Comment supprimer ces paradis fiscaux ?
Je prends la comparaison avec le protocole de Kyoto : il faut arriver à une masse suffisante d'Etats qui considèrent qu'ils ont un intérêt à jouer le jeu. Et que les autres se disent qu'ils ont également intérêt à les rejoindre sous peine d'être écartés des grands flux financiers mondiaux. Il faut se fonder sur l'intérêt, pas sur la vertu, sinon, cela ne fonctionnera pas.
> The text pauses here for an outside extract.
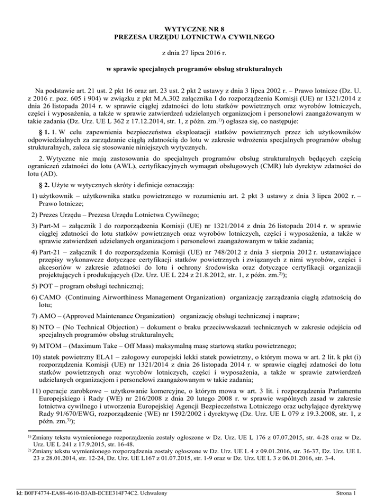 WYTYCZNE NR 8 PREZESA URZĘDU LOTNICTWA CYWILNEGO z dnia 27 lipca 2016 r. w sprawie specjalnych programów obsług strukturalnych Na podstawie art. 21 ust. 2 pkt 16 oraz art. 23 ust. 2 pkt 2 ustawy z dnia 3 lipca 2002 r. – Prawo lotnicze (Dz. U. z 2016 r. poz. 605 i 904) w związku z pkt M.A.302 załącznika I do rozporządzenia Komisji (UE) nr 1321/2014 z dnia 26 listopada 2014 r. w sprawie ciągłej zdatności do lotu statków powietrznych oraz wyrobów lotniczych, części i wyposażenia, a także w sprawie zatwierdzeń udzielanych organizacjom i personelowi zaangażowanym w takie zadania (Dz. Urz. UE L 362 z 17.12.2014, str. 1, z późn. zm.1)) ogłasza się, co następuje: § 1. 1. W celu zapewnienia bezpieczeństwa eksploatacji statków powietrznych przez ich użytkowników odpowiedzialnych za zarządzanie ciągłą zdatnością do lotu w zakresie wdrożenia specjalnych programów obsług strukturalnych, zaleca się stosowanie niniejszych wytycznych. 2. Wytyczne nie mają zastosowania do specjalnych programów obsług strukturalnych będących częścią ograniczeń zdatności do lotu (AWL), certyfikacyjnych wymagań obsługowych (CMR) lub dyrektyw zdatności do lotu (AD). § 2. Użyte w wytycznych skróty i definicje oznaczają: 1) użytkownik – użytkownika statku powietrznego w rozumieniu art. 2 pkt 3 ustawy z dnia 3 lipca 2002 r. – Prawo lotnicze; 2) Prezes Urzędu – Prezesa Urzędu Lotnictwa Cywilnego; 3) Part-M – załącznik I do rozporządzenia Komisji (UE) nr 1321/2014 z dnia 26 listopada 2014 r. w sprawie ciągłej zdatności do lotu statków powietrznych oraz wyrobów lotniczych, części i wyposażenia, a także w sprawie zatwierdzeń udzielanych organizacjom i personelowi zaangażowanym w takie zadania; 4) Part-21 – załącznik I do rozporządzenia Komisji (UE) nr 748/2012 z dnia 3 sierpnia 2012 r. ustanawiające przepisy wykonawcze dotyczące certyfikacji statków powietrznych i związanych z nimi wyrobów, części i akcesoriów w zakresie zdatności do lotu i ochrony środowiska oraz dotyczące certyfikacji organizacji projektujących i produkujących (Dz. Urz. UE L 224 z 21.8.2012, str. 1, z późn. zm.2)); 5) POT – program obsługi technicznej; 6) CAMO (Continuing Airworthiness Management Organization) organizację zarządzania ciągłą zdatnością do lotu; 7) AMO – (Approved Maintenance Organization) organizację obsługi technicznej i napraw; 8) NTO – (No Technical Objection) – dokument o braku przeciwwskazań technicznych w zakresie odejścia od specjalnych programów obsług strukturalnych; 9) MTOM – (Maximum Take – Off Mass) maksymalną masę startową statku powietrznego; 10) statek powietrzny ELA1 – załogowy europejski lekki statek powietrzny, o którym mowa w art. 2 lit. k pkt (i) rozporządzenia Komisji (UE) nr 1321/2014 z dnia 26 listopada 2014 r. w sprawie ciągłej zdatności do lotu statków powietrznych oraz wyrobów lotniczych, części i wyposażenia, a także w sprawie zatwierdzeń udzielanych organizacjom i personelowi zaangażowanym w takie zadania; 11) operacje zarobkowe – użytkowanie komercyjne, o którym mowa w art. 3 lit. i rozporządzenia Parlamentu Europejskiego i Rady (WE) nr 216/2008 z dnia 20 lutego 2008 r. w sprawie wspólnych zasad w zakresie lotnictwa cywilnego i utworzenia Europejskiej Agencji Bezpieczeństwa Lotniczego oraz uchylające dyrektywę Rady 91/670/EWG, rozporządzenie (WE) nr 1592/2002 i dyrektywę (Dz. Urz. UE L 079 z 19.3.2008, str. 1, z późn. zm.3)); 1) Zmiany tekstu wymienionego rozporządzenia zostały ogłoszone w Dz. Urz. UE L 176 z 07.07.2015, str. 4-28 oraz w Dz. Urz. UE L 241 z 17.9.2015, str. 16-48. 2) Zmiany tekstu wymienionego rozporządzenia zostały ogłoszone w Dz. Urz. UE L 4 z 09.01.2016, str. 36-37, Dz. Urz. UE L 23 z 28.01.2014, str. 12-24, Dz. Urz. UE L167 z 01.07.2015, str. 1-9 oraz w Dz. Urz. UE L 3 z 06.01.2016, str. 3-4. Id: B0FF4774-EA88-4610-B3AB-ECEE314F74C2. Uchwalony Strona 1 12) operacje zarobkowego transportu lotniczego – operacje wykonywane statkiem powietrznym, których celem jest przewóz pasażerów, ładunku lub poczty za wynagrodzeniem lub na zasadzie innego świadczenia wzajemnego. § 3. Zaleca się łączne przeprowadzenie działań, o których mowa w § 5 oraz w § 6, w przypadku nieuwzględnienia w całości lub w części specjalnych programów obsług strukturalnych, o których mowa w instrukcjach w zakresie ciągłej zdatności do lotu publikowanymi przez posiadacza certyfikatu typu zgodnie z Part21 w POT szybowca, motoszybowca lub samolotu o MTOM mniejszym lub równym 2730 kg niewykorzystywanego w operacjach zarobkowego transportu lotniczego. § 4. 1. Zaleca się łączne przeprowadzenie działań, o których mowa w § 5 pkt 1–3, w przypadku nieuwzględnienia w całości lub w części specjalnych programów obsług strukturalnych, o których mowa w instrukcjach w zakresie ciągłej zdatności do lotu publikowanymi przez posiadacza certyfikatu typu zgodnie z Part21 przez użytkownika w zadeklarowanym, zgodnie z pkt M.A.302 lit. h pkt 4 Part-M, POT statku powietrznego ELA 1 niewykorzystywanego w operacjach zarobkowych. 2. Zastosowanie się do niniejszych wytycznych nie zwalnia właściciela statku powietrznego ELA 1 niewykorzystywanego w operacjach zarobkowych z obowiązku spełnienia wymagań przepisu pkt M.A.302 lit. h pkt 4 Part-M, zgodnie z którym właściciel deklaruje pełną odpowiedzialności za treść POT, a w szczególności za wszelkie odstępstwa od zaleceń posiadacza zatwierdzenia projektu. § 5. W przypadku nieuwzględnienia w całości lub w części specjalnych programów obsług strukturalnych w POT użytkownik lub CAMO podejmuje następujące działania: 1) w ramach obsługi rocznej lub równoważnej zleca AMO wykonanie przeglądu weryfikacyjnego struktury statku powietrznego, o którym mowa w pkt I załącznika nr 1 do wytycznych, na okoliczność występowania korozji oraz pęknięć zmęczeniowych w celu uzyskania NT

Du coup, les Etats qui ne suivent pas doivent être sanctionnés, d'où la nécessité d'une liste noire des paradis fiscaux.
A-t-on une idée des sommes que les paradis fiscaux gèrent ?
A l'échelle de la planète, ce sont très probablement des centaines de milliards de dollars.
Christian Chavagneux, rédacteur en chef adjoint du mensuel Alternatives Economiques parlent de 40 à 50 milliards d'euros rien que pour l'Etat français...
Cela me paraît beaucoup, c'est quand même l'équivalent du montant des impôts sur les bénéfices... En revanche, que cela représente quelques dizaines de millards d'euros, ça me semble très vraisembable.
La suppression des paradis fiscaux est-elle le levier indispensable à une réforme monétaire et financière gloable ?
Avec la transparence, je crois effectivement qu'il s'agit du levier premier, donc indispensable. Car toute régulation qui s'appliquerait à un univers non clos dans lequel il y aurait des fuites serait perdu d'avance. Il faut que l'espace de régulation soit à peu près fermé. Prenez l'exemple d'un tonneau : pour le remplir, il faut qu'il y ait le moins de trous possibles.